You can press Ctrl+Alt+F1 and log in directly as root.
Then check if your user belongs to the wheel group in /etc/group. If this is not the case add it at the end of the line. A comma is needed between each user.
Ctr+Alt+F9 should then bring you back to your graphical session.


----------



## HuaMin (Aug 17, 2014)

Many thanks.

I was using root account when encountering the issue mentioned above, and now I see root is under wheel like
https://dl.dropboxusercontent.com/u/40211031/t787.png

Any other help?


----------



## SirDice (Aug 18, 2014)

A user account must be a member of the "wheel" group to be allowed to use su(1).


----------



## HuaMin (Aug 21, 2014)

OK, it is fine now to `su` login. I chec_ked_ this url: http://www.freebsd.org/cgi/man.cgi?query=pkg&sektion=7 and do not see the way to set up Unicode or a specific language, from it. *C*an you please advise?


----------



## SirDice (Aug 21, 2014)

Some ports may have specific Chinese versions. See the Chinese category.

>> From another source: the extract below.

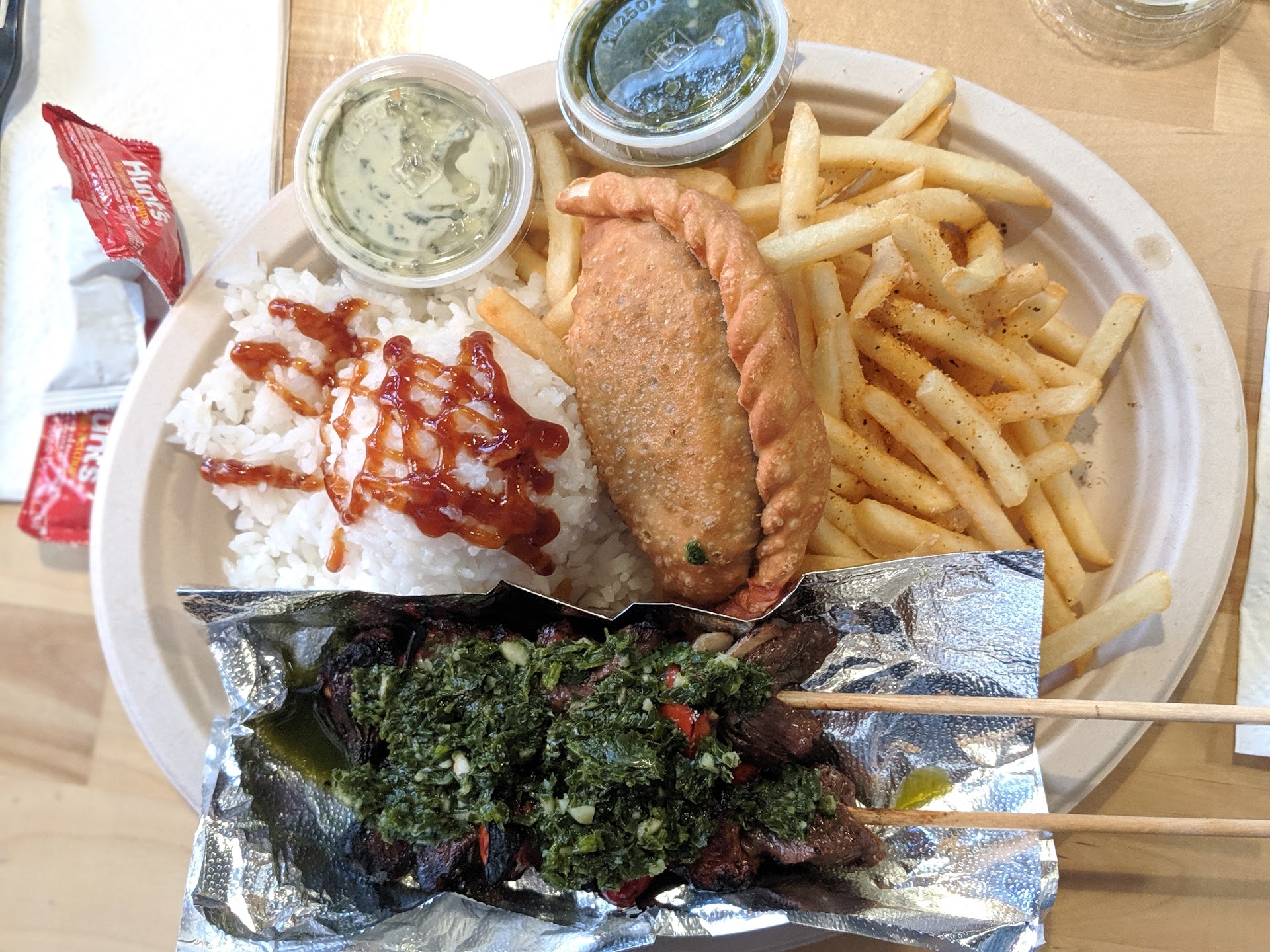 Read moreReason for visiting: lunch with co-workers Date/time of visit: Friday afternoon, lunchtime (before a long weekend) Parking: shared lot with other businesses, free. Party size: 8 Environment/ambience: chill atmosphere with 80s music and random videos playing on th wall. Theme is beach, surfing, canoes, etc. Black and white color scheme. Sign is black outside so it may be hard to see at night. Restaurant is super clean, so is the restroom. Service: great. Order at the front and food is brought out to you. Food: had #2 combo: steak skewers with fries, one empanada (steak), rice (instead of salad), and cup of water (free). The food was great. The empanada comes with its own sauces: tartar sauce (?), chimmichurri sauce, and a mayo/ketchup dip (looks like thousand island). Portions are pretty good. Cost: not bad but expensive for a reg lunch; total for #2 with...

There are no settings in pkg(8) that will install packages in an other language.


----------



## HuaMin (Aug 22, 2014)

In your list, should I use pkg or any other way to set up Unicode/specific language support to FreeBSD and can I have more details?


----------



## SirDice (Aug 22, 2014)

HuaMin said:
			
		

> In your list, should I use "pkg" or any other way to set up Unicode/specific language support to FreeBSD and can I have more details?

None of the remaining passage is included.